▶ **What you will do**
Apart from the images, output the data below exactly.

▶ **Stored data**
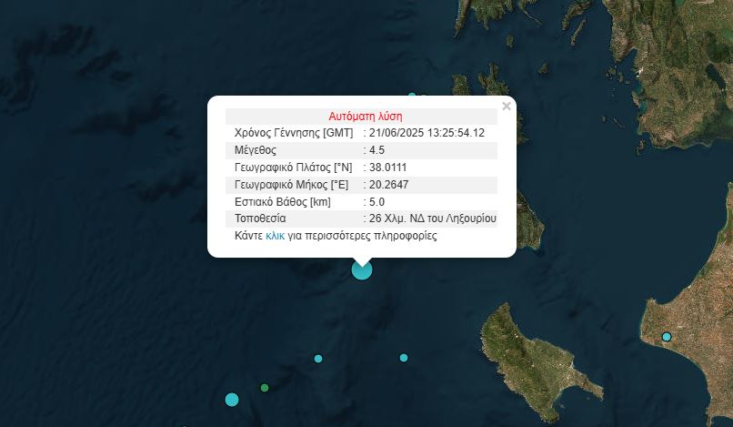 Σεισμός 4,5 βαθμών της κλίμακας Ρίχτερ σημειώθηκε πριν από λίγο ανοιχτά της Κεφαλονιάς.
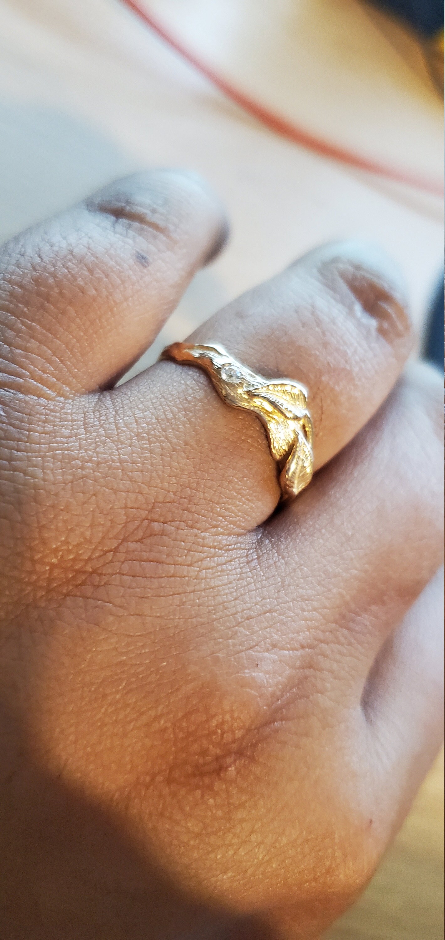 This ring is stunning. I received an engagement ring from her and decided to get the matching band. Unfortunately the band didn’t quite work with the engagement ring so she hand carved the ring to make a perfect fit. Wonderful customer service and very friendly and fast.
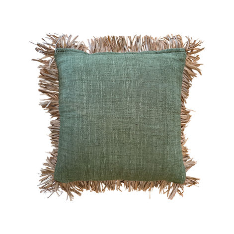 Finished with a hand-applied natural fringe, the pillow gains subtle movement and depth, balancing its artisanal character with a relaxed, refined finish. Thoughtfully constructed with a hidden zipper and polyester insert, the Leaf Print Pillow is designed for both beauty and everyday ease.
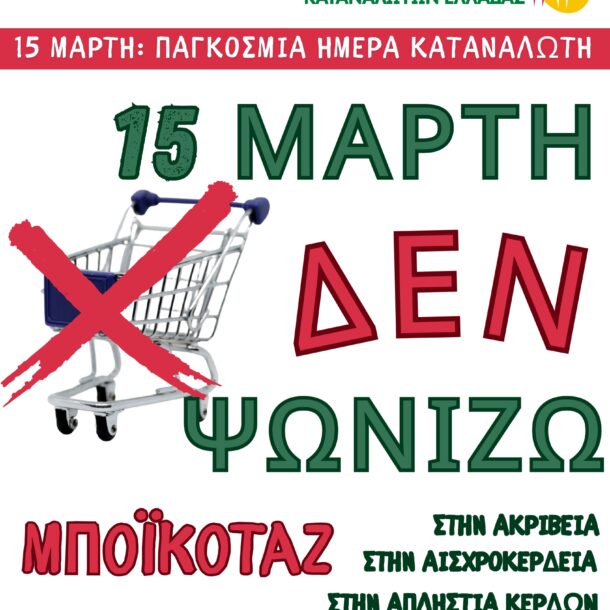 Ένωση Εργαζομένων Καταναλωτών Ελλάδας: Διαμαρτυρία κατά της ακρίβειας: 15 Μάρτη δεν ψωνίζουμε!
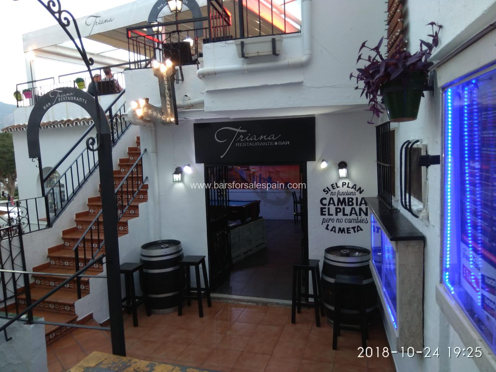 This fantastic Bar Restaurant is located right at the entrance to the town of Mijas. It is located on a very populated and busy avenue near other bars, restaurants and shops.This is an excellent bar restaurant leasehold opportunity, perfect for a working couple as it comes.
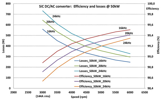 Figure 3 shows a comparison between the module efficiency between classical IGBT silicon technology from SEMIKRON© (Nuremberg, Germany) and silicon carbide MOSFETs from CREE® (Wolfspeed© Group, Durham, NC, USA) for the same component caliber and PMSM power values. Efficiencies have been calculated analytically using the manufacturer’s datasheets of the semiconductors. A gain of 5% is obtained for the same power constraint (at 60 kW) using the silicon carbide technology.
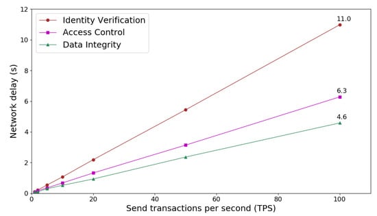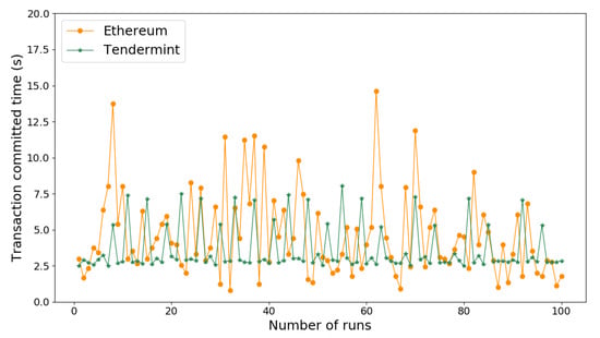 Figure 10 shows the time delay, that a node launches a blockchain transaction () and waits until it has been committed on the distributed ledger. The committed time is closely related to the block confirmation time that is defined by the consensus algorithm. Tendermint utilizes a BFT consensus protocol to achieve a deterministic finality on a new block for each voting round, so that committed time is almost stable (~2.9 s), as showb by Figure 10. However, Ethereum relies on a random block generation mechanism defined by the PoW consensus protocol, and it achieves a probabilistic finality on committed data on the distributed ledger. Therefore, the committed time of Ethereum is greatly varying owing to variable block confirmation time as illustrated by Figure 10.
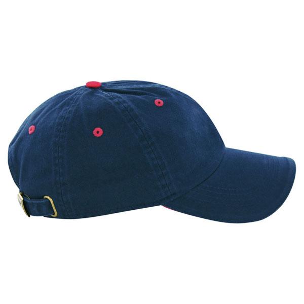 If you are planning a gift for your loyal employees or maybe for company promotions, the AHEAD Navy/Red Classic Cut Sandwich Brim Cap with custom logo on it is always a good choice. This classic cap is always in, and goes with sportswear as well as casual wardrobe. This is why your employees will wear this cap with your corporate logo on during their everyday activities. This cap has classic cut made of vintage twill and its elegant look goes with most styles. It has a cloth strap with metal grab on back. Sandwich indentation is a different color than the cap, so you can choose between almost twenty color combinations and find one that goes best with your company.
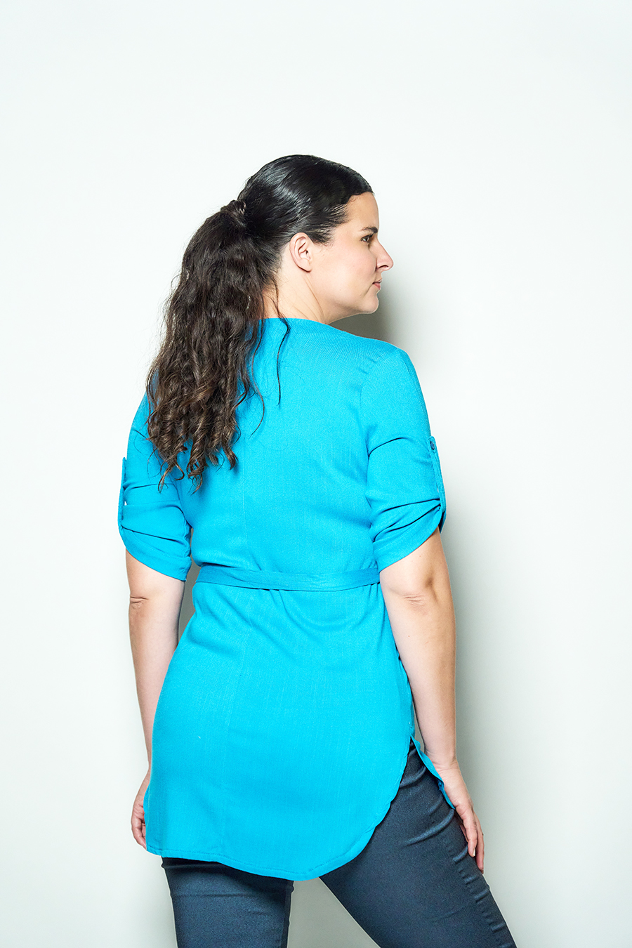 96 CAMISOLA MIMI. ESCOTE V INCLINADO Y MANGA 3/4 CON TRABA. DETALLE FRENTE CON BOLSILLO PLAQUE Y TERMINACION EVASE CON LAZO. TEJIDO LINO SLUB LISO.
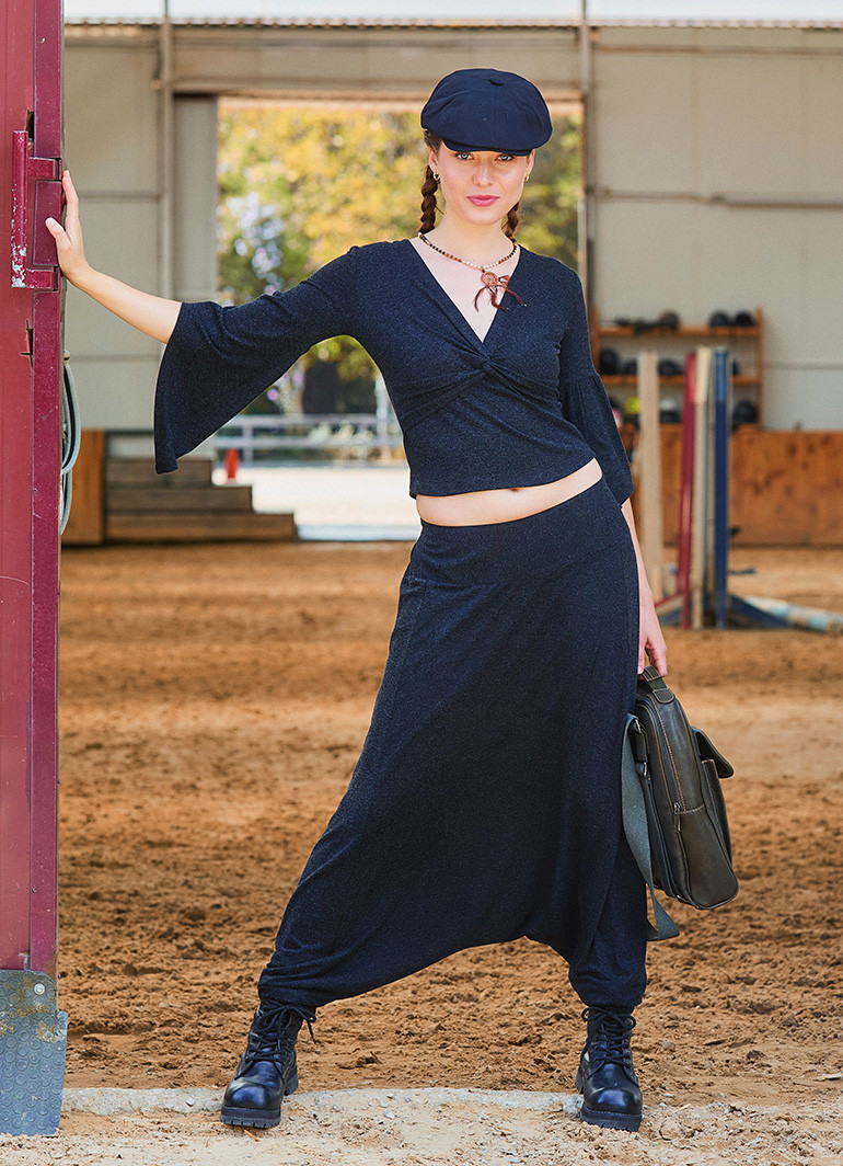 Paçası lastikli, düşük ağı ve salaş kesimiyle öne çıkan bu siyah kadın pantolon, hem şıklığı hem de rahatlığı bir arada sunar. Bohem tarzıyla günlük ve özel kombinlerin vazgeçilmezi olacak.

▶ **Answer box**
 Σεισμός 4,5 βαθμών της κλίμακας Ρίχτερ σημειώθηκε πριν από λίγο ανοιχτά της Κεφαλονιάς.
 This ring is stunning. I received an engagement ring from her and decided to get the matching band. Unfortunately the band didn’t quite work with the engagement ring so she hand carved the ring to make a perfect fit. Wonderful customer service and very friendly and fast.
 Finished with a hand-applied natural fringe, the pillow gains subtle movement and depth, balancing its artisanal character with a relaxed, refined finish. Thoughtfully constructed with a hidden zipper and polyester insert, the Leaf Print Pillow is designed for both beauty and everyday ease.
 Ένωση Εργαζομένων Καταναλωτών Ελλάδας: Διαμαρτυρία κατά της ακρίβειας: 15 Μάρτη δεν ψωνίζουμε!
 This fantastic Bar Restaurant is located right at the entrance to the town of Mijas. It is located on a very populated and busy avenue near other bars, restaurants and shops.This is an excellent bar restaurant leasehold opportunity, perfect for a working couple as it comes.
 Figure 3 shows a comparison between the module efficiency between classical IGBT silicon technology from SEMIKRON© (Nuremberg, Germany) and silicon carbide MOSFETs from CREE® (Wolfspeed© Group, Durham, NC, USA) for the same component caliber and PMSM power values. Efficiencies have been calculated analytically using the manufacturer’s datasheets of the semiconductors. A gain of 5% is obtained for the same power constraint (at 60 kW) using the silicon carbide technology.
 Figure 10 shows the time delay, that a node launches a blockchain transaction () and waits until it has been committed on the distributed ledger. The committed time is closely related to the block confirmation time that is defined by the consensus algorithm. Tendermint utilizes a BFT consensus protocol to achieve a deterministic finality on a new block for each voting round, so that committed time is almost stable (~2.9 s), as showb by Figure 10. However, Ethereum relies on a random block generation mechanism defined by the PoW consensus protocol, and it achieves a probabilistic finality on committed data on the distributed ledger. Therefore, the committed time of Ethereum is greatly varying owing to variable block confirmation time as illustrated by Figure 10.
 If you are planning a gift for your loyal employees or maybe for company promotions, the AHEAD Navy/Red Classic Cut Sandwich Brim Cap with custom logo on it is always a good choice. This classic cap is always in, and goes with sportswear as well as casual wardrobe. This is why your employees will wear this cap with your corporate logo on during their everyday activities. This cap has classic cut made of vintage twill and its elegant look goes with most styles. It has a cloth strap with metal grab on back. Sandwich indentation is a different color than the cap, so you can choose between almost twenty color combinations and find one that goes best with your company.
 96 CAMISOLA MIMI. ESCOTE V INCLINADO Y MANGA 3/4 CON TRABA. DETALLE FRENTE CON BOLSILLO PLAQUE Y TERMINACION EVASE CON LAZO. TEJIDO LINO SLUB LISO.
 Paçası lastikli, düşük ağı ve salaş kesimiyle öne çıkan bu siyah kadın pantolon, hem şıklığı hem de rahatlığı bir arada sunar. Bohem tarzıyla günlük ve özel kombinlerin vazgeçilmezi olacak.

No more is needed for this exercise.